Atherosclerosis (AS) is a common disease that is seriously detrimental to human health. Therefore, its mechanism and related treatment methods are areas of interest in medical research. Urotensin II (UII) is the most potent vosoactive cyclic peptide (1,2). By binding to its receptor, G protein-coupled receptor 14 (GPR14), it exhibits biological, hemodynamic and non-hemodynamic effects, as well as apparently pathophysiologic effects on the formation and development of a number of diseases. A large number of fundamental and clinical studies have indicated that UII is closely related to the formation and development of AS (3–5). Thus, the UII receptor antagonist, urantide, may have potential clinical value in the treatment of AS.

Urantide is a peptide similar to human UII and is one of the most potent UII receptor antagonists. Its antagonistic effect is 50 times stronger than that of other chemical compounds (6,7). However, the effect of urantide on AS remains unknown. The present study used a rat model of AS to examine the expression of UII and its receptor GPR14 in rat aorta pectoralis, aiming to determine the effect of urantide on the expression of UII and GPR14 in atherosclerotic rats, thus providing an experimental basis for the clinical prevention of AS.

Materials and methods

Reagents

Urantide was synthesized by Shanghai Huadatianyuan Biology Technology Ltd., Co. (Shanghai, China). Fluvastatin (40 mg/box) was purchased from Beijing Nuohua Pharmacy Ltd., Co. (Beijing, China). Dulbecco’s modified Eagle’s medium (DMEM) and UII were purchased from Gibco (Carlsbad, CA, USA); fetal bovine serum (FBS) was purchased from Tianjin Jingyang Corporation (China); α-smooth muscle actin (SMA) was purchased from Beijing Beaosen Biology Technology Ltd., Co. (China); the UII polyclonal and GPR14 polyclonal antibodies were purchased from Santa Cruz Biotechnology, Inc. (Santa Cruz, CA, USA); biotin-labeled IgG was purchased from Wuhan Boster Biological Engineering Co., Ltd. (China); and S-ABC chemical reagent and 3,3′-diaminobenzidine (DAB) developer kits were purchased from Fuzhou Maixin Biotechnology Development Co., Ltd. (China)

Animals and modeling

A total of 160 healthy male Wistar rats (180–200 g body weight) were provided by the Lab Animal Center of Jilin University (license number: SCXK[JI]-2009-0004). The rats were randomized into two groups: i) the normal group: 20 rats fed on common forage; and ii) the model group: 140 rats fed on a high fat diet and injected with 70 U/kg vitamin D3 (VD3) for three continuous days. The ingredients of the high fat diet included common forage, 3.5% cholesterol, 10% hog fat, 0.2% propylthiouracil, 0.5% sodium cholate and 5% refined sugar. Four weeks later, a hematoxylin and eosin (H&E) staining assay was peformed to observe the morphological changes in the aorta pectoralis in the AS model rats.

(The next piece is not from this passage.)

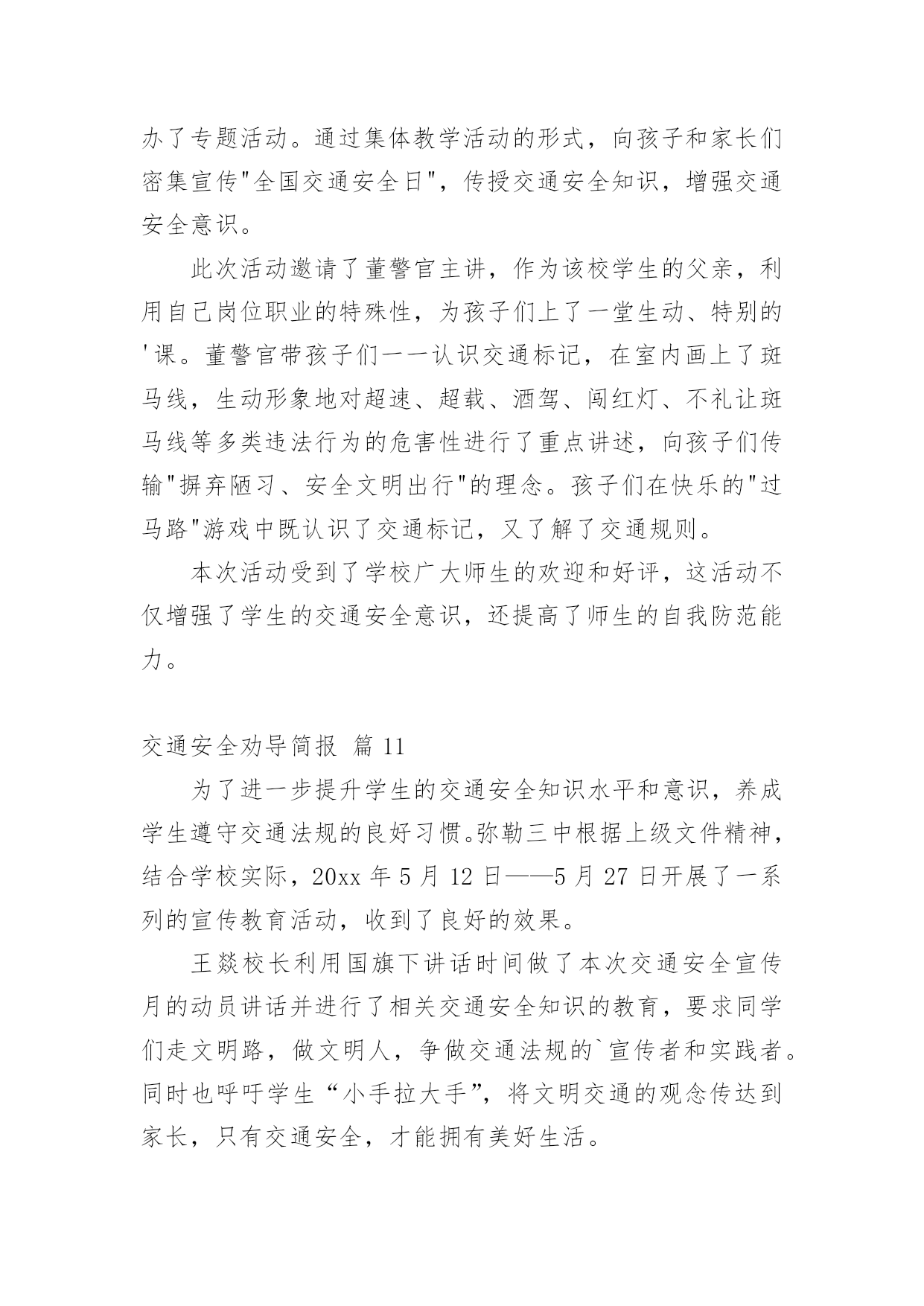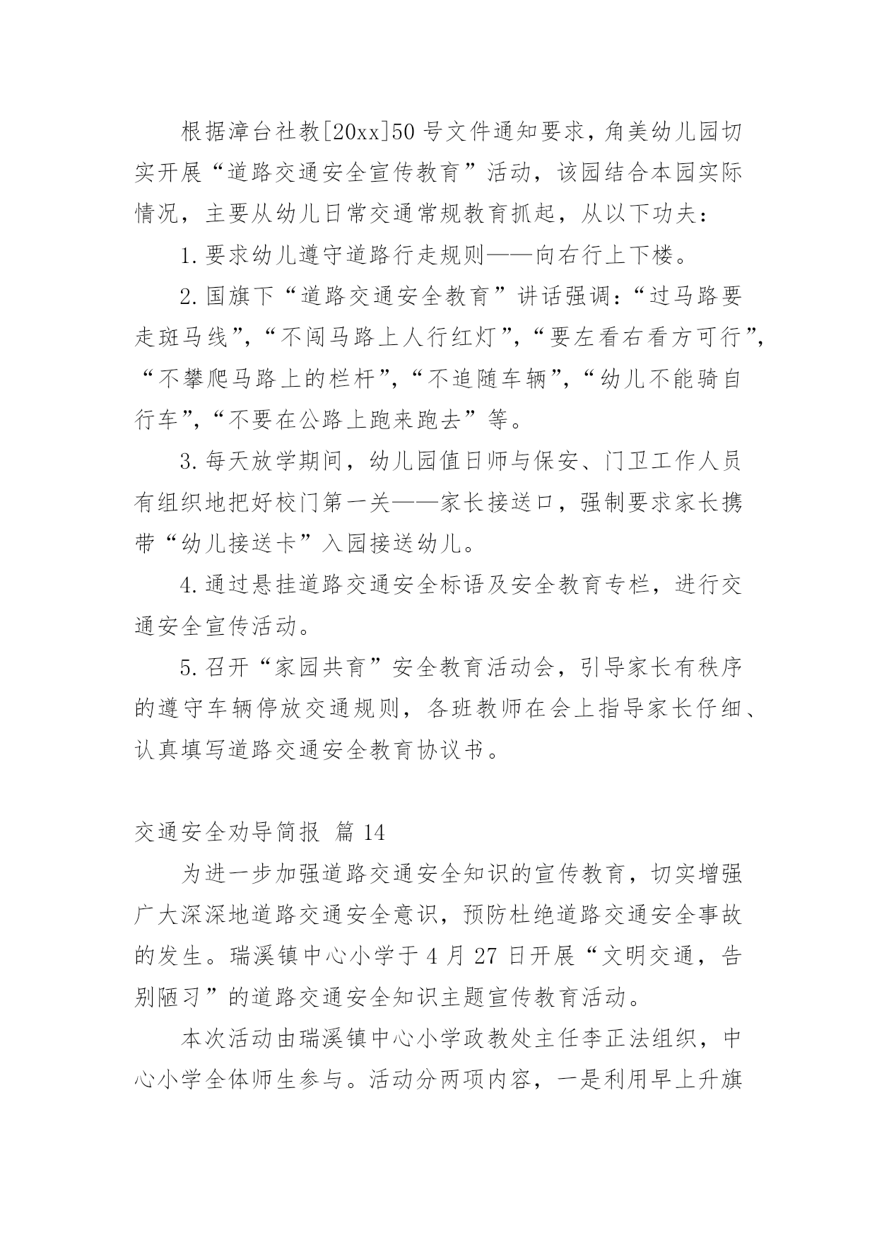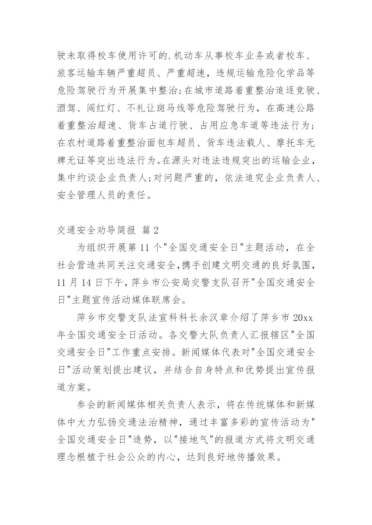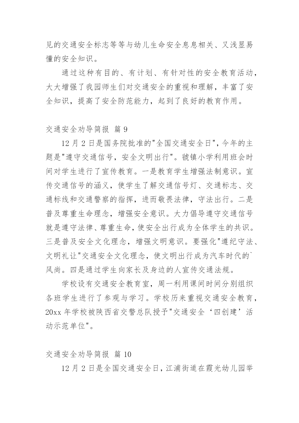 交通安全劝导简报在生活、工作和学习中,简报的使用频率呈上升趋势,简报一般都有固定的报头,包括简报的名称、期号、编发单位、发行日期、保密等级和编号。那要怎么写好简报呢?下面是小编精心整理的交通安全劝导简报范文,供大家参考借鉴,希望可以帮助到有需要的朋友。交通安全劝导简报篇1今年12月2日是我国第11个"全国交通安全日"。近日,公安部、中央文明办、教育部、司法部、交通运输部、国家安全生产监督管理总局联合下发方案,确定今年主题为"拒绝危险驾驶、安全文明出行",并将在全国开展相关活动。今年年初以来,成都女司机因"路怒"被打、占用应急车道延误伤者救治等涉及交通问题的社会事件相继发生,引发舆论热议。11月1日,《刑法修正案(九)》正式实施,将校车、旅客运输车辆严重超速、超员、非法运输危险化学品等严重危害公共安全的行为纳入危险驾驶罪。今年"全国交通安全日"将针对这些热点组织主题活动,进一步倡导通行规则意识、守法自律意识、社会责任意识、文明交通意识、公共道德意识,倡导抵制追逐竞驶、醉酒驾驶等构成危险驾驶罪的交通违法,抵制"路怒"、不礼让斑马线、占用应急车道等危险驾驶行为。根据方案要求,各地将进行联合部署,针对在道路上驾驶未取得校车使用许可的.机动车从事校车业务或者校车、旅客运输车辆严重超员、严重超速,违规运输危险化学品等危险驾驶行为开展集中整治;在城市道路着重整治追逐竞驶、酒驾、闯红灯、不礼让斑马线等危险驾驶行为,在高速公路着重整治超速、货车占道行驶、占用应急车道等违法行为;在农村道路着重整治面包车超员、货车违法载人、摩托车无牌无证等突出违法行为。在源头对违法违规突出的运输企业,集中约谈企业负责人;对问题严重的,依法追究企业负责人、安全管理人员的责任。交通安全劝导简报篇2为组织开展第11个"全国交通安全日"主题活动,在全社会营造共同关注交通安全,携手创建文明交通的良好氛围,11月14日下午,萍乡市公安局交警支队召开"全国交通安全日"主题宣传活动媒体联席会。萍乡市交警支队法宣科科长余汉章介绍了萍乡市20xx年全国交通安全日活动。各交警大队负责人汇报辖区"全国交通安全日"工作重点安排。新闻媒体代表对"全国交通安全日"活动策划提出建议,并结合自身特点和优势提出宣传报道方案。参会的新闻媒体相关负责人表示,将在传统媒体和新媒体中大力弘扬交通法治精神,通过丰富多彩的宣传活动为"全国交通安全日"造势,以"接地气"的报道方式将文明交通理念根植于社会公众的内心,达到良好地传播效果。每年的'"12.2"宣传都是公安交警部门的一项年度重点工作。交警支队相关负责人表示,今年将继承好传统,创造新形式,使20xx年全国交通安全日整体宣传声势更加宏大,覆盖面更广,策划更加周密,内容更加精良。交通安全劝导简报篇3为贯彻落实《关于转发20xx年辽宁省122"全国交通安全日"主题活动工作方案的通知》文件精神,紧密围绕"拒绝危险驾驶、安全文明出行"主题,朝阳市运输管理处开展122"全国交通安全日"主题活动,并制定活动方案。此次活动紧密结合《刑法修正案(九)》的有关内容实施,进一步倡导自觉抵制追逐竞驶、醉酒驾驶、客车严重超速、超员,拒绝开车打手机等危险驾驶行为,逐步形成良好的`文明交通社会风尚。活动包括三个方面的内容:一是大力开展主题教育宣传工作。结合"道路平安年"专项活动,加大驾校、企业安全驾驶培训力度,积极开展"文明交通"主题宣传,增强从业人员安全驾驶意识;二是集中开展冬季交通安全专项整治。市运输管理处将加大对营运车辆的动态监管,要求企业严格落实各项管理制度,对存在管理漏洞的企业要约谈其负责人,责令其加强管理;三是大力营造社会面宣传范围。各级运管机构和运输企业印制活动宣传标识、标语,充分利用客货站场大力宣传122"全国交通安全日"活动,传播文明交通正能量。交通安全劝导简报篇4为全面推动第11个"122全国交通安全日"宣传活动的开展,在全社会营造共同关注交通安全、携手创建文明交通的良好氛围,靖安县公安局交警大队结合今年"社会协同治理安全文明出行"主题深入中小学校开展形式多样的`宣传活动,取得较好成效。11月24日上午10时许,靖安县公安局交警大队法制科民警携带第11个"122全国交通安全日"宣传展板、课件、杂志等资料,联同靖安县电视台《法治靖安》节目记者一行深入靖安县第二小学,开展"122全国交通安全日"宣教活动。民警通过丰富多彩的LED显示屏公布主题、摆放宣传展板、课堂讲座、发放宣传杂志等形式,与学生们亲切互动,达到了良好的宣教效果。交通安全劝导简报篇5为扎实推进创建全国文明城市攻坚工作,近日,况场街道办事处组织交管办、安办、派出所、交警四中队、司法所对辖区内的来往车辆进行了交通安全大排查。主要以排查非法营运、超载车辆及无证驾驶为重点内容,共检查车辆13辆,其中摩托车7辆,

Following successful modeling, AS rats were randomly divided into three groups: the model group (20 rats, control), the fluvastatin group (20 rats) and the urantide group (20 rats, divided into three subgroups according to the duration of treatment of 3, 7 and 14 days). The rats in the normal and model groups were intravenously injected with 30 μg/kg normal saline every day. The rats in the fluvastatin group were injected with 5 μg/kg fluvastatin every day for 14 continuous days. The rats in the urantide group were injected with 30 μg/kg urantide once daily and the duration of treatment was 3, 7 and 14 days, respectively. All animal experiments were approved by the Ethics Committee of Jilin University College of Pharmaceutical Sciences (Changchun, China).

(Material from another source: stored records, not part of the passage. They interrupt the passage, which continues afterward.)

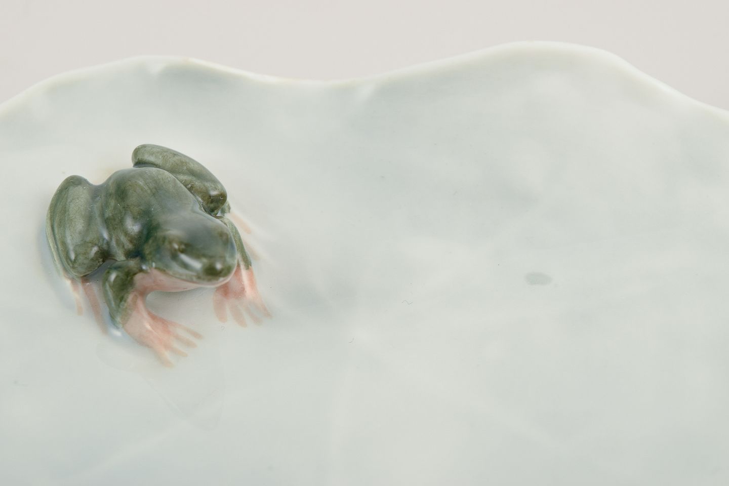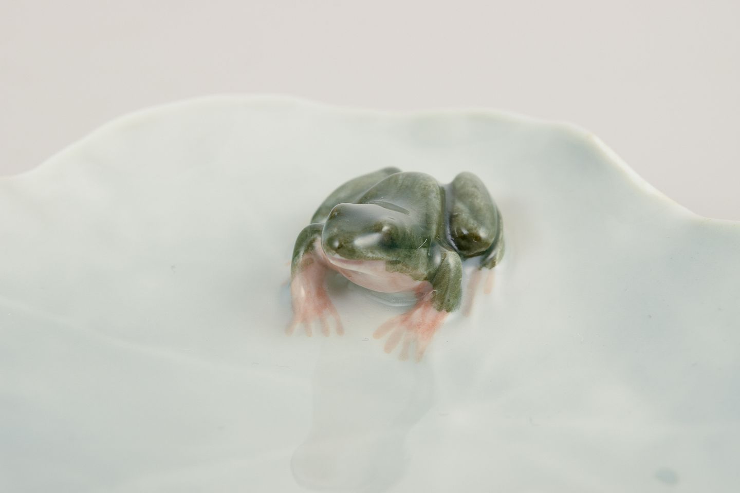 Royal Copenhagen, lille Art Nouveau fad med frø.
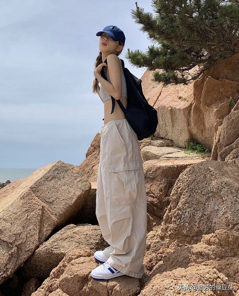 如果嫌前两套Look不够动感,那吊带搭+阔腿休闲裤绝对是将动感和超酷瞬间拉满的搭配。吊带衫的特有设计能够凸显年轻女性健康而又匀称的身材曲线,肥大宽松的阔腿休闲裤视觉上更有一种女团成员的既视感。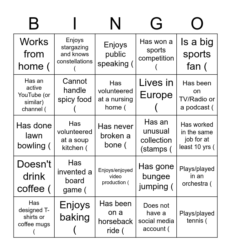 This bingo card has 121 words: Free!, Has done an overnight mountain expedition (, Has gone scuba diving (, Plays/played golf (, Has run a marathon or half marathon (, Plays/played soccer (, Has won a sports competition (, Plays/played in a band (, Plays/played in an orchestra (, Sings/sang in a choir (, Has perfect pitch (, Plays/played a stringed instrument (, Plays/played a guitar (, Plays/played the drums (, Enjoys/drawing or painting (, Enjoys/enjoyed photography (, Enjoys/enjoyed video production (, Has studied abroad (, Has competed in math competitions (, Speaks 3 or more languages fluently (, Has designed T-shirts or coffee mugs (, Enjoys public speaking (, Can cook Taiwanese food (, Enjoys/enjoyed gardening (, Drinks coffee black (, Doesn't drink coffee (, Enjoys baking (, Loves stinky tofu (, Loves Boba tea (, Has more than 200 followers in social media account (, Does not have a social media account (, Has volunteered at a soup kitchen (, Has volunteered at a nursing home (, Is left-handed (, Gets up before 6AM (, Prefers to be spontaneous (, Has tutored students (, Is very punctual (, Is a planner (, Owns a business (, Has a side hustle (, Practices Yoga or meditation (, Travels out of state (or country) regularly (, Loves going on cruises (, Gets seasick or carsick easily (, Can juggle or perform magic tricks (, Is great at puzzles and brain teasers (, Has an unusual collection (stamps (, coins (, etc.) (, Knows how to knit or crochet (, Has gone skydiving (, Has gone bungee jumping (, Plays/played an extreme sport (, Has a hidden talent unknown to most (, Has read more than 10 books this year (, Has met a celebrity in person (, Is an avid bird watcher (, Is a wildlife enthusiast (, Enjoys stargazing and knows constellations (, Has a pet (, Has played in a chess tournament (, Can recite a poem from memory (, Can whistle (, Has published a book (, Has an active YouTube (or similar) channel (, Plays/played ping pong (, Plays/played tennis (, Plays/played volleyball (, Has a PhD or Doctorate (, Has done lawn bowling (, Is an avid anime fan (, works/ worked for the US Government (, Is afraid of heights (, Is afraid of spiders (, Lives in Europe (, Does / has done martial arts (, Can make U-shape with tongue (, Enjoys working out (, Has never broken a bone (, Has invented a board game (, Works from home (, Has only had one job in their entire career (, Has earned a professional certification (, Changed majors more than once in college (, Did not pass driving test on 1st try (, Commutes via bicycle (, Is an early tech adopter (, Has worked in the same job for at least 10 yrs (, Has attended a live professional sporting event (, Has attended a live concert (, Has been on a camel ride (, Has been on a horseback ride (, Enjoys binge-watching shows/movies (, Enjoys outdoor hiking (, Enjoys scenic views (, Is passionate about eating healthy food (, Likes fast food (, Is a big sports fan (, Is afraid of snakes (, Has gone hunting (, Owns firearm(s) (, Has a food allergy (, Enjoys very spicy food (, Cannot handle spicy food (, Has done hang gliding (, Has gone surfing (, Has done water/jet-skiing (, Considers oneself a germaphobe (, Has grilled in the winter (, Enjoys home DIY (, Is addicted to his/her smartphone (, Has never been in a car accident (, Has never gotten a speeding ticket (, Enjoys ballroom dancing (, Has been on TV/Radio or a podcast (, Has done real outdoors camping (, Enjoys attending church (, Still reads physical newspapers (, Enjoys video games ( and Enjoys swimming and Plays/Played the piano.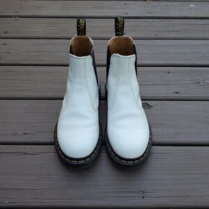 Dr Martens 2976 Yellow Stitch White Smooth Leather Elastic Slip-on Chelsea Boots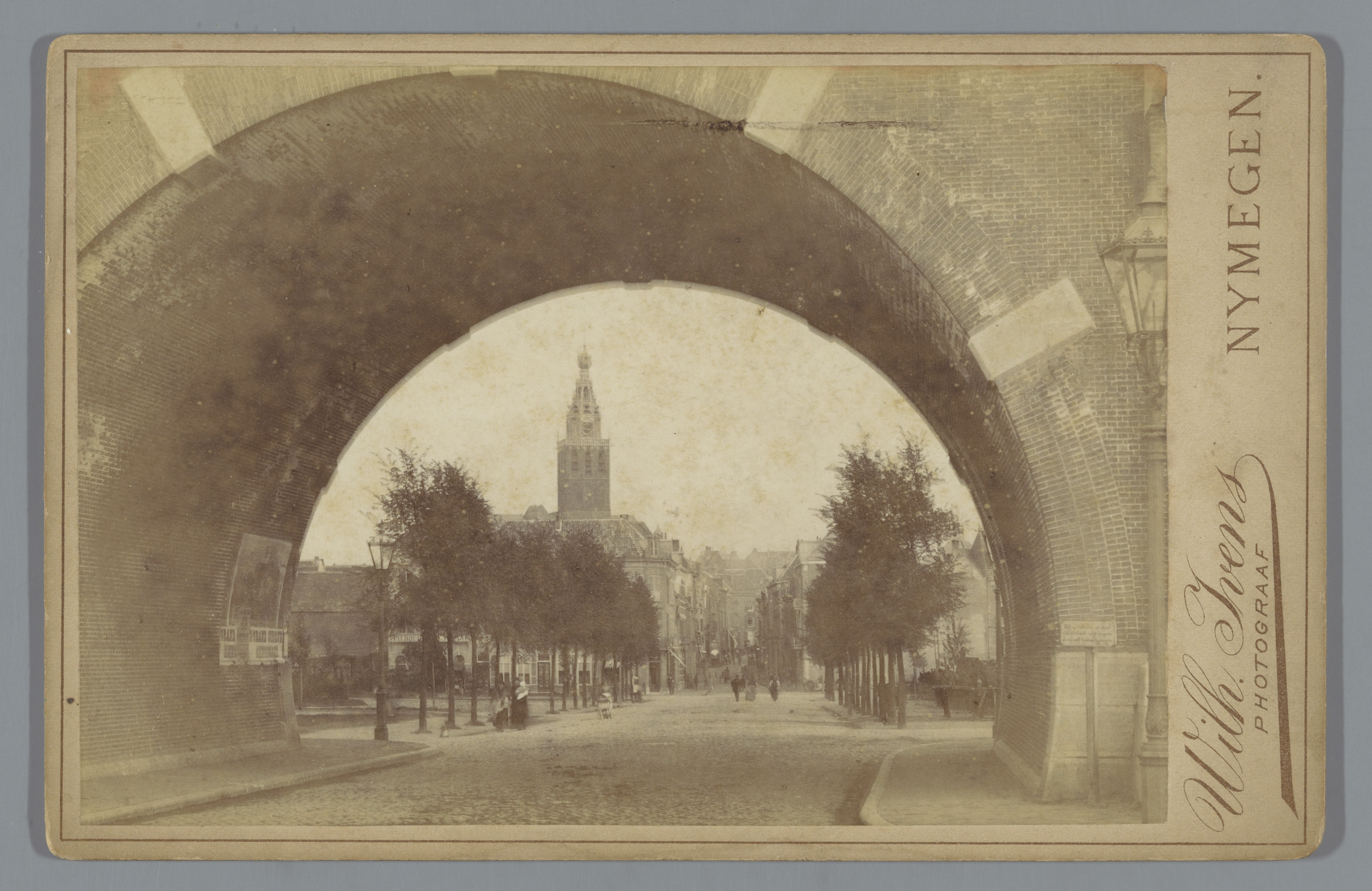 Gezicht op Nijmegen door de Hezelpoort

Blood fat and calcium (Ca2+) levels of AS rats

Blood samples were collected at the beginning of the experiment, before the injection and at the end of the experiment. Blood collection procedures were as follows: all rats were fasted overnight. Following anesthesia with 0.3% pentobarbital sodium (30 mg/kg), the aorta pectoralis was dissected and arterial blood was collected with a 5-ml injector. Blood serum was separated via 1,500 × g centrifugation for 15 min, allocated to Eppendorf tubes and stored at −20°C.

An automatic biochemistry analyzer was used to examine the levels of triglycerides (TG) in blood serum, as well as total cholesterol (TC), high-density lipoprotein (HDL), low-density lipoprotein (LDL) and Ca2+ levels. A hydroxyproline (HYP) kit was used to analyze the concentration of HYP in the blood serum and urine.

Gene and protein expression levels of UII and GPR14 in the AS rat model

At the end of the experiment (16 weeks), the aorta pectoralis (∼1 cm long) was sampled, placed into a sample bag and immediately frozen in liquid nitrogen at −80°C for storage. Reverse transcription-polymerase chain reaction (RT-PCR) and western blotting were performed to determine the gene and protein expression levels of UII and GPR14 in the AS rat model.

Statistical analysis

Data are expressed as mean ± standard deviation (SD). Significant differences were examined using SPSS 13.0 software (SPSS, Inc., Chicago, IL, USA). Analysis of variance or rank test were used as the statistical methods to analyze the interclass difference and the least significant difference (LSD) method was used for multiple comparisons of ad hoc test. P<0.05 was considered to indicate a statistically significant result.

Results

Textural structure of the aorta pectoralis in the AS rat model

The H&E staining revealed that the blood vessel endothelium in the normal group was integrated, the tunica media had fusiform-shaped smooth muscle cells and the structure of elastic fibers was clear and integrated (Fig. 1A). The tunica intima of the disease region in the model group thickened significantly. The vascular endothelium was not integrated. The tunica media presented apparent hyperplasia, calcification and abundant foam-like accumulation of smooth muscle cells, degeneration, breakage and disintegration of elastic fibers and atrophia, which are typical pathological changes of AS (Fig. 1B). All the results demonstrated that the AS rat model was successfully created by injection with VD3 and feeding with a high-fat diet.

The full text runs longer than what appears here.